简体   繁体   English

如果要索引的列是SQL Server中的nvarchar数据类型,该怎么办?

[英]What if the column to be indexed is nvarchar data type in SQL Server?

I retrieve data by joining multiple tables as indicated on the image below. 我通过连接多个表来检索数据,如下图所示。 On the other hand, as there is no data in the FK column (EmployeeID) of Event table, I have to use CardNo (nvarchar) fields in order to join the two tables. 另一方面,由于事件表的FK列(EmployeeID)中没有数据,因此我必须使用CardNo(nvarchar)字段才能连接两个表。 On the other hand, the digit numbers of CardNo fields in the Event and Employee tables are different, I also have to use RIGHT function of SQL Server and this makes the query to be executed approximately 10 times longer. 另一方面,Event和Employee表中CardNo字段的位数不同,我还必须使用SQL Server的RIGHT函数,这会使查询的执行时间延长大约10倍。 So, in this scene what should I do? 那么,在这个场景中我该怎么办? Can I use CardNo field without changing its data type to int, etc (because there are other problem might be seen after changing it and it sill be better to find a solution without changing the data type of it). 我可以使用CardNo字段而不将其数据类型更改为int等吗(因为将其更改后可能还会出现其他问题,并且最好在不更改其数据类型的情况下找到解决方案)。 Here is also execution plan of the query below. 这也是下面查询的执行计划。

Query: 查询:

; WITH a AS (SELECT emp.EmployeeName, emp.Status, dep.DeptName, job.JobName, emp.CardNo 
    FROM TEmployee emp 
    LEFT JOIN TDeptA AS dep ON emp.DeptAID = dep.DeptID 
    LEFT JOIN TJob AS job ON emp.JobID = job.JobID),                           

b AS (SELECT eve.EventID, eve.EventTime, eve.CardNo, evt.EventCH, dor.DoorName 
    FROM TEvent eve LEFT JOIN TEventType AS evt ON eve.EventType = evt.EventID
    LEFT JOIN TDoor AS dor ON eve.DoorID = dor.DoorID) 
    SELECT * FROM b LEFT JOIN a ON RIGHT(a.CardNo, 8) = RIGHT(b.CardNo, 8)

ORDER BY b.EventID ASC

连接架构

执行计划

You can add a computed column to your table like this: 您可以像这样向表中添加一个计算列:

ALTER TABLE TEmployee -- Don't start your table names with prefixes, you already know they're tables
ADD CardNoRight8 AS RIGHT(CardNo, 8) PERSISTED

ALTER TABLE TEvent
ADD CardNoRight8 AS RIGHT(CardNo, 8) PERSISTED

CREATE INDEX TEmployee_CardNoRight8_IDX ON TEmployee (CardNoRight8)
CREATE INDEX TEvent_CardNoRight8_IDX ON TEvent (CardNoRight8)
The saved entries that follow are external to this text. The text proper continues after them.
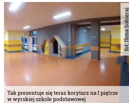
Tak prezentuje się teraz korytarz na I piętrze w wyrskiej szkole podstawowej
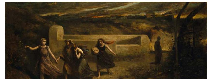
figura 12 COROT, C. The burning of Sodom, 1843-1857. Óleo sobre lienzo; The Metropolitan Museum of Art, New York
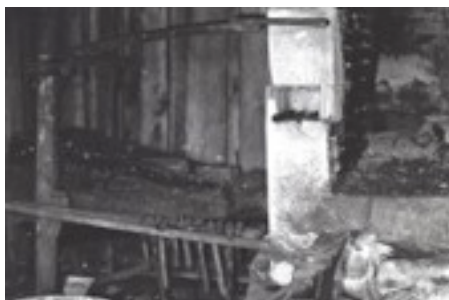
Dyvinge gårdssmedja. Interiör.
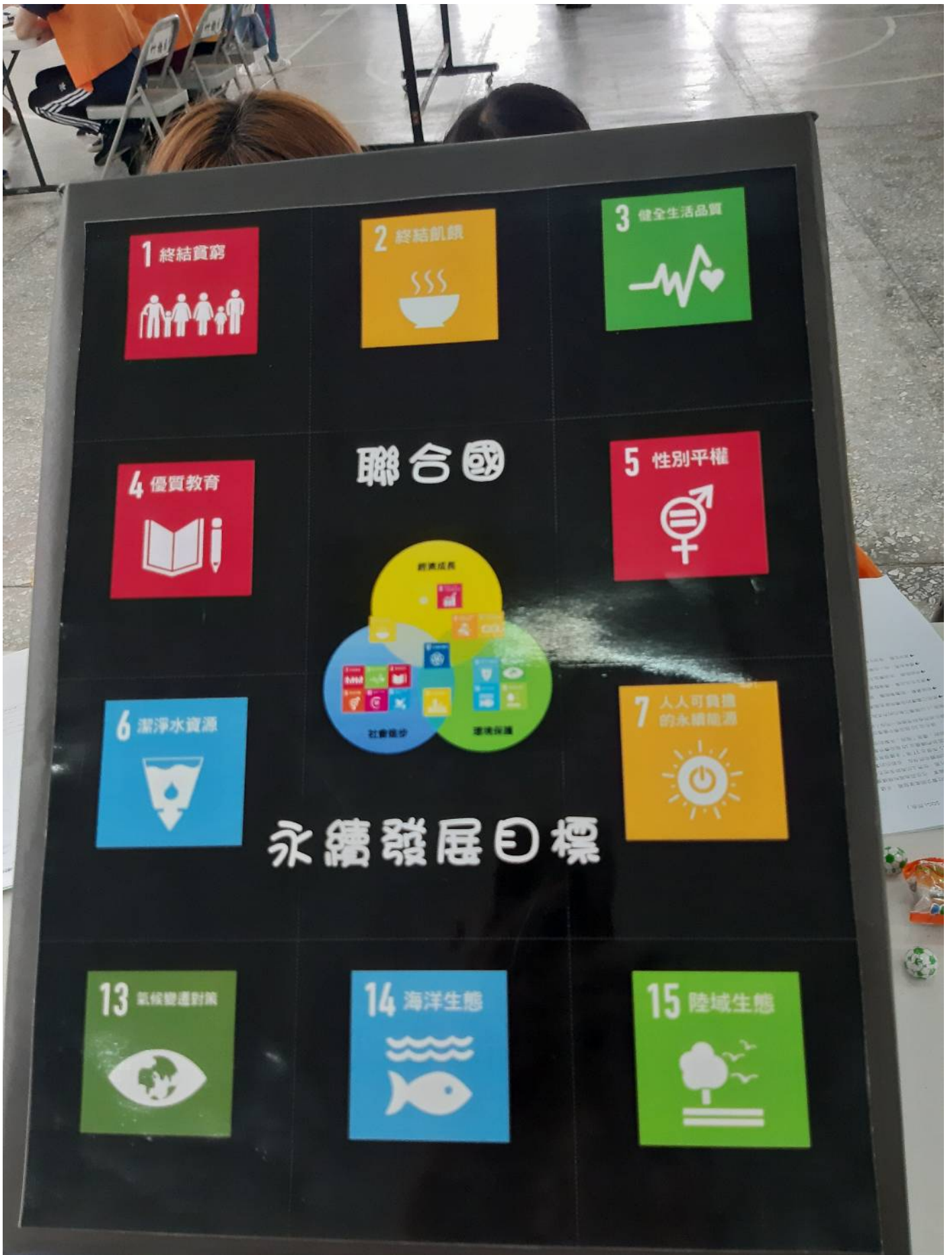
以聯合國的發展目標作為遊戲設計的主軸

這項活動由嘉藥社工系設計，並由社工系的大哥哥、大姊姊們來帶領，營隊活動內容豐富，先讓學員自主分工，並依照生活情境規劃出學習、銀行、工作、公益、消費五大區，銀行區提供存錢、投資、信用卡使

You don't need to persist the column since it already matches the criteria for a computed column to be indexed, but adding the PERSISTED keyword shouldn't hurt and might help the performance of other queries. 您不需要保留该列,因为它已经与要索引的计算列的条件匹配,但是添加PERSISTED关键字应该不会有问题,并且可能有助于其他查询的性能。 It will cause a minor performance hit on updates and inserts, but that's probably fine in your case unless you're importing a lot of data (millions of rows) at a time. 这将对更新和插入造成较小的性能影响,但是对于您而言,这可能很好,除非您一次导入大量数据(数百万行)。

The better solution though is to make sure that your columns that are supposed to match actually match. 不过,更好的解决方案是确保应该匹配的列实际匹配。 If the right 8 characters of the card number are something meaningful, then they shouldn't be part of the card number, they should be another column. 如果卡号的右边8个字符有意义,则它们不应成为卡号的一部分,而应在另一列中。 If this is an issue where one table uses leading zeroes and the other doesn't then you should fix that data to be consistent instead of putting together work arounds like this. 如果这是一个表使用前导零而另一个表不使用前导零的问题,则应修复该数据以保持一致,而不是像这样将变通方法放在一起。

This line is what is costing you 86% of the query time: 这行代码使您花费了86%的查询时间:

LEFT JOIN a ON RIGHT(a.CardNo, 8) = RIGHT(b.CardNo, 8)

This is happening because it has to run RIGHT() on those fields for every row and then match them with the other table. 发生这种情况是因为它必须在每行的那些字段上运行RIGHT() ,然后将它们与另一个表匹配。 This is obviously going to be inefficient. 这显然是低效的。

The most straightforward solution is probably to either remove the RIGHT() entirely or else to re-implement it as a built-in column on the table so it doesn't have to be calculated on the fly while the query is running. 最直接的解决方案可能是完全删除RIGHT()或将其重新实现为表中的内置列,因此在查询运行时不必立即进行计算。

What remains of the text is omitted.